配達員(右)が届けた弁当。この日は八宝菜、春巻きなど5品が入っていた=24日午前、三島市の山田放課後児童クラブ
配達員(右)が届けた弁当。この日は八宝菜、春巻きなど5品が入っていた=24日午前、三島市の山田放課後児童クラブ

 放課後児童クラブは、就労などの事情で保護者が家庭に昼間いない小学生が通う場所。大半は家庭から手作り弁当を持参していて、共働き家庭を中心に負担を訴える声がある。こども家庭庁はこうした声を受けて今夏、各自治体の担当部署に弁当事業者による配送といった先進地域の事例を示した通知を送付。地域の実情に応じた検討を促し、各地の対応が注目されている。
 三島市は本年度、市内の官民の計29施設で弁当注文の仕組みが整った。このうち公設25施設を指定管理することになったのは、裾野市に事業所がある「トヨタエンタプライズ」(本社・名古屋市)。保護者支援の一環で導入を決定。「暑い中、手作り弁当持参は食中毒が心配だった」「弁当作りは大変なので助かる」などと保護者に好評で、1日あたり出席者の約2割が注文する。
 保護者から事前に提出された利用予定を、同社が取りまとめ「駿豆給食センター」(函南町)に発注する。前日まで追加・取りやめが可能。1食450円でクラブ利用料とともに口座から引き落とす。
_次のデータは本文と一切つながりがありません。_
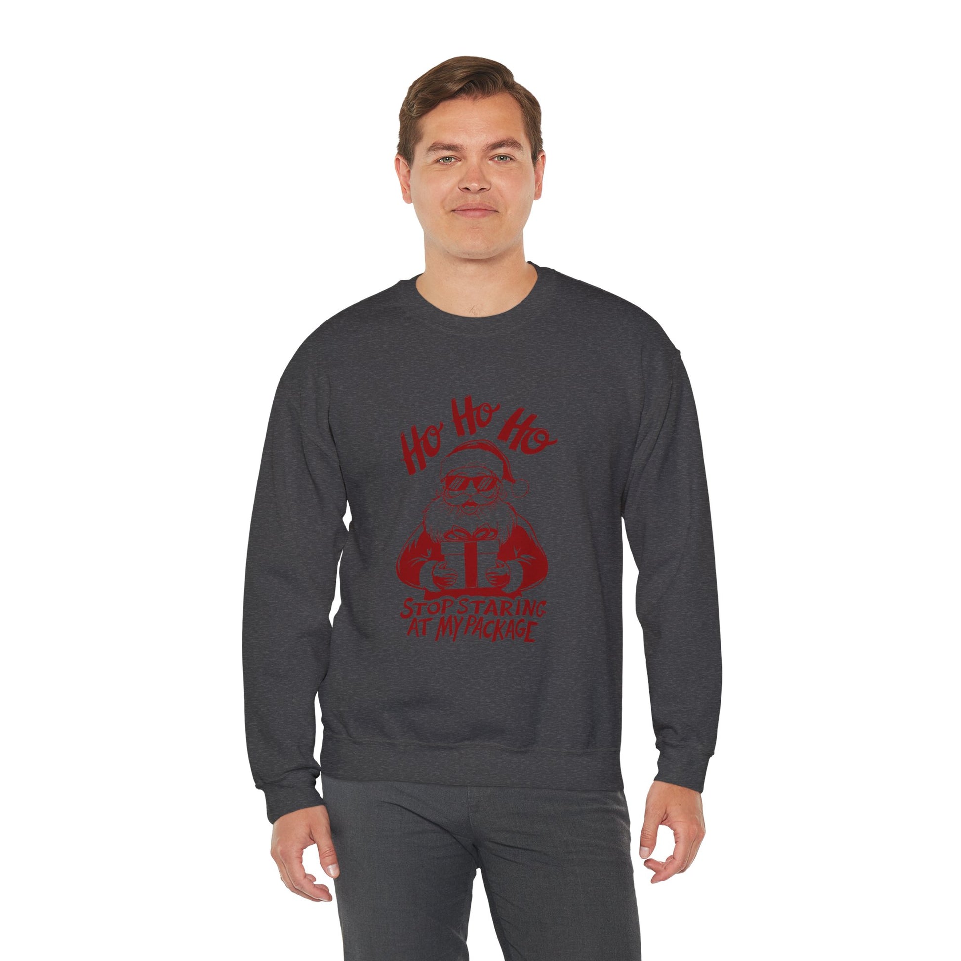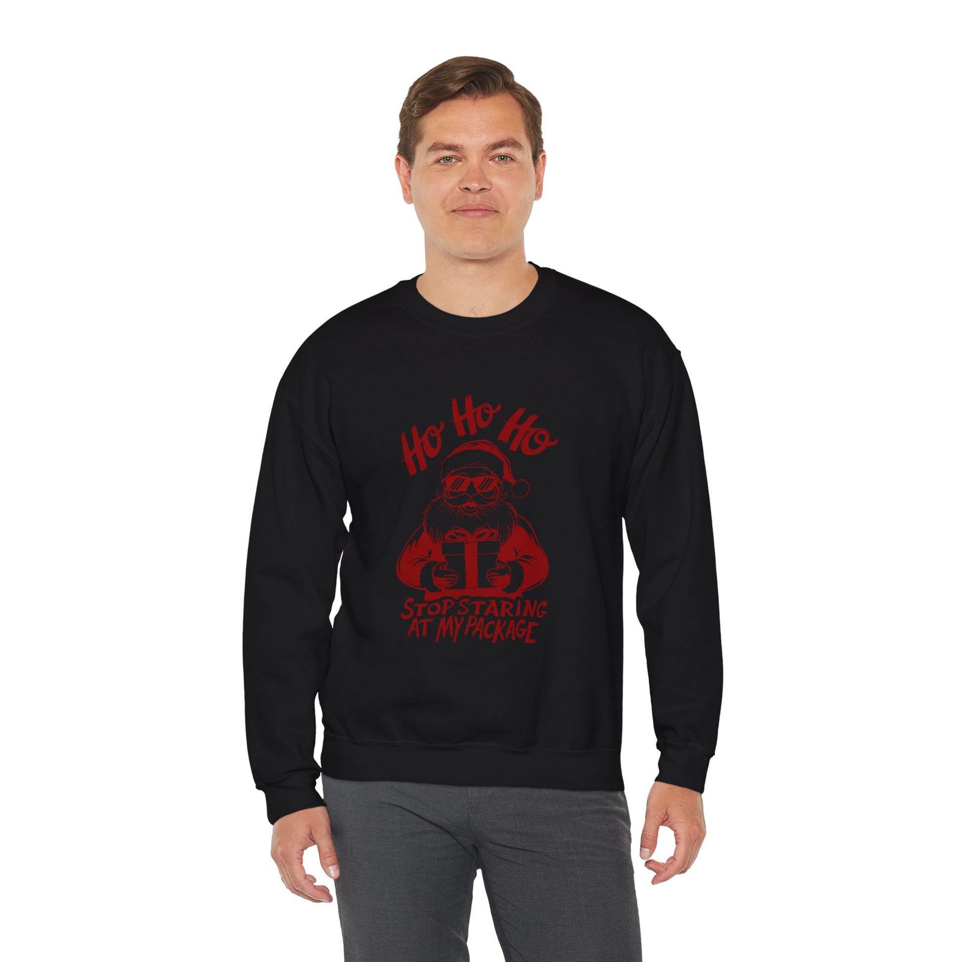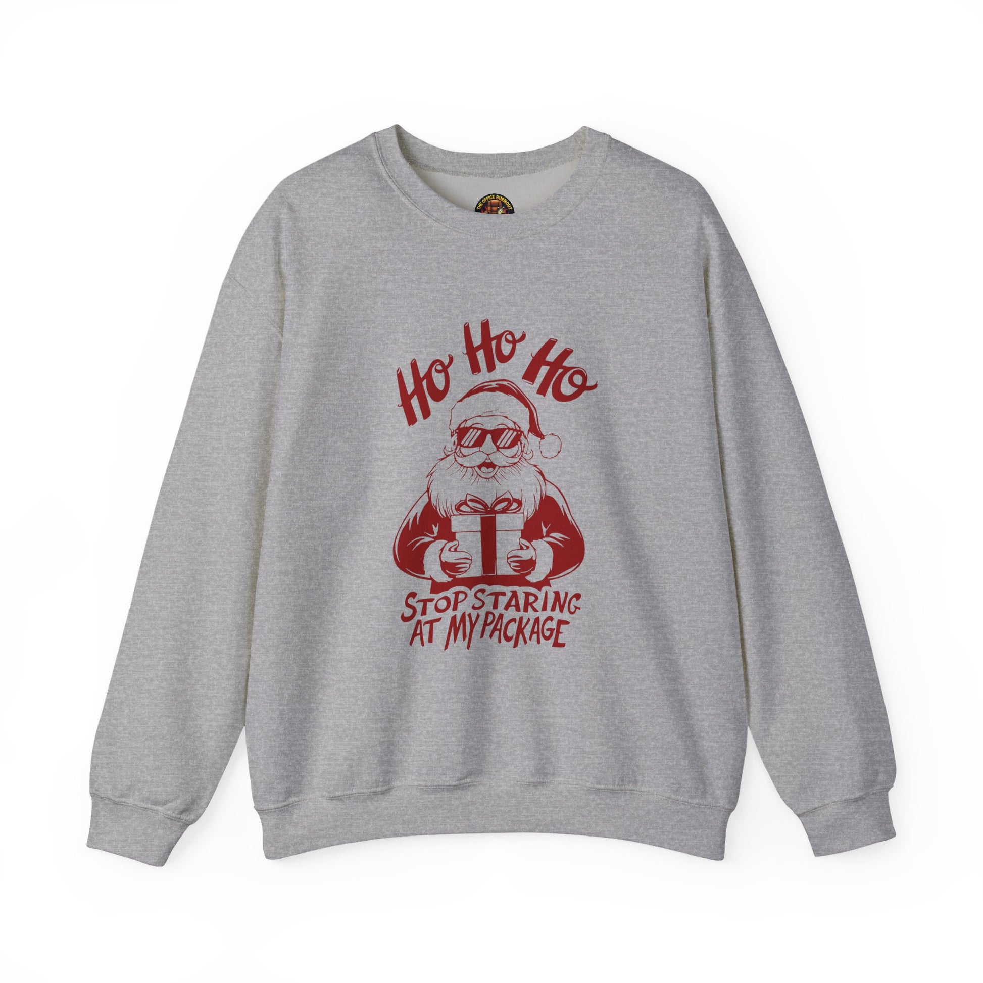 “Ho Ho Ho, Stop Staring at My Package” Sweatshirt — The Naughty Santa Edition
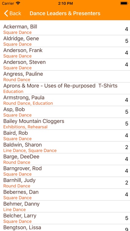 Dance leaders will see their complete list of events and can skip the daily trip to the coordination rooms by using the app to check in each day after their first in-person checkin.
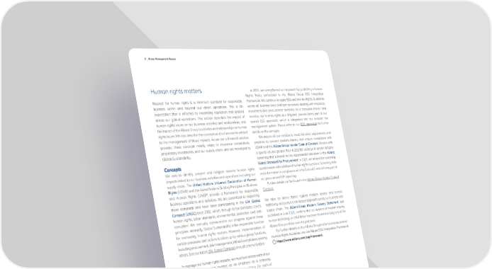 C _ Group Management Report Human rights matters In 2021, we strengthened our approach by publishing a Human Rights Policy embedded in the Allianz Group ESG Integration Respect for human rights is a minimum standard for responsible Framework. We continue to apply ESG and Human Rights Guidelines business within and beyond our direct operations. This is an across all business lines and core processes dealing with insurance, expectation that is reflected by expanding legislation and applied investment and procurement decisions. As a corporate insurer and across our global operations. This section describes the impact of investor, our human rights due diligence process forms part of our human rights issues on our business activities and relationships, and overall ESG approach, which is integrated into our broader risk the impact of the Allianz Group´s activities and relationships on human management system. Please refer to our ESG approach for further rights issues. We also describe the concepts and achievements related details on the concepts. to the management of those impacts. As we are a financial services We require all our vendors to meet fair labor requirements and provider, these concepts mainly relate to insurance transactions, practices to prevent modern slavery and ensure compliance with proprietary investments, and our supply chain, and are managed by UDHR and the Allianz Group Vendor Code of Conduct. Vendors with Global Sustainability. a spend volume greater than € 250,000 undergo a vendor integrity screening that is based on the requirements laid down in the Allianz Global Standard for Procurement. In 2021, we revised the screening We aim to identify, prevent and mitigate adverse human rights questionnaire with additional human rights questions. Screening data impacts linked to our business activities and operations including our and information in compliance with the Code of Conduct forms part of supply chain. The United Nations Universal Declaration of Human our procurement KPI reporting. Rights (UDHR) and the United Nations Guiding Principles on Business Further details can be found in the Allianz Group Vendor Code of and Human Rights (UNGP) provide a framework for responsible Conduct. business operations and activities. We are committed to respecting these standards and have been participating in the U.N. Global We take an active stance against modern slavery and human Compact (UNGC) since 2002, which, through its ten principles, covers trafficking, and pursue a risk-based approach across our business and human rights, labor standards, environmental protection and anti- supply chain. The Allianz Group Modern Slavery Statement, last corruption. We annually communicate our progress against these published in June 2021, confirms that no incident of modern slavery, principles. Internally, Global Sustainability is the responsible function human trafficking, or child labor has been found involving any of the for overseeing human rights matters. However, implementation of Allianz Group entities over the past year. certain processes and actions is taken up by various group functions, For further details on the Allianz Group’s referral process and our including procurement, risk management, HR and compliance, among Human Rights Guideline, see the Allianz ESG Integration Framework others. See our latest U.N. Global Compact annual communication . https://www.allianz.com/esg-framework. To manage our human rights impacts, we must look across each of our roles as an insurer and investor, as an employer, as a company, including our supply chain, and as a corporate citizen. For each of these roles, we have embedded different processes to manage human rights risks and act on opportunities to drive positive change. Targets and achievements: human rights matters Topic Targets 2021 Achievements 2021 Targets 2022 Modern Slavery Act Continue to report on human − No issues were raised in regard to human Continue to report on human rights issues as rights issues as defined in the rights issues in accordance with the defined in the (UK) Modern Slavery Act. Modern Slavery Act. Modern Slavery Act in 2021. − Allianz Group Modern Slavery Statement was updated in mid-2021. 68 Annual Report 2021 − Allianz Group
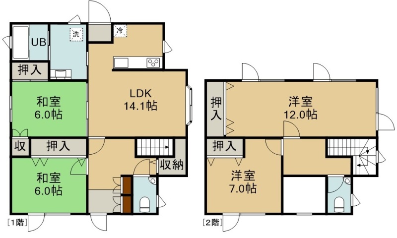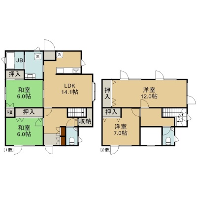 4LDK(115.78m²)└ 1階:LDK14.1帖 和室6帖 和室6帖 / 2階:洋室12帖 洋室7帖
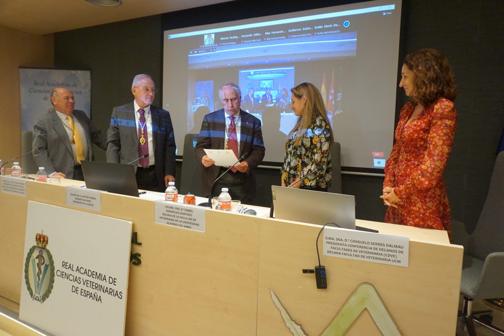 La sesión fue presidida por el Dr. Arturo R. Anadón Navarro, Presidente de la RACVE y estuvo acompañado en el estrado por el Ilmo. Sr. D. Felipe Vilas Herranz, Presidente del Ilustre Colegio de Veterinarios de Madrid, la Ilma. Sra. Consuelo Serres Dalmau, Decana de la Facultad de Veterinaria de la UCM y el Dr. Salvio Jiménez Pérez, Secretario General de la RACVE.

 三島市の山田放課後児童クラブでは24日、13個の注文があった。弁当業者の配達員が届けた弁当は冷房の効いた教室で保管し、昼食時に支援員が児童に配った。注文弁当を頬張る児童からは「いつもおかずが違って楽しみ」「家の冷凍食品の弁当と違ってシナシナじゃない」などの声が聞かれた。
 長泉町も数年前から町内全10クラブで弁当注文が可能。保護者が各自インターネットで注文し、業者がクラブ近くまで弁当を届けている。南伊豆町でも町内唯一のクラブで弁当注文を受け付けている。
 (教育文化部・鈴木美晴)

「導入なし」17市町 静岡新聞社調査 地域で対応異なる
 静岡新聞社が8月、県内全35市町の担当部署に尋ねたところ、このほか15市町が「昼食提供のサービスを導入しているクラブが一部ある」と回答した。ただ、「9割以上のクラブで導入している」(富士市)などの事例の一方、週に数回の提供だったり、民間クラブのみでの提供だったりと、地域により事情は異なる。
 「サービスはない」と回答したのは計17市町。支援員の負担、食物アレルギーへの対応、対応可能な業者探しを懸念する声が多かった。また「過去にはサービスがあったが当日朝の注文に対応できず、注文数も不安定で弁当事業者が撤退してしまった」と明かす関係者もいた。保護者と業者が独自に契約して弁当を配送している事例もあった。
 昼食サービスを巡っては富士宮市がニーズを調査中で、藤枝市や静岡市では民間弁当業者を活用した実証実験や試験導入が進行している。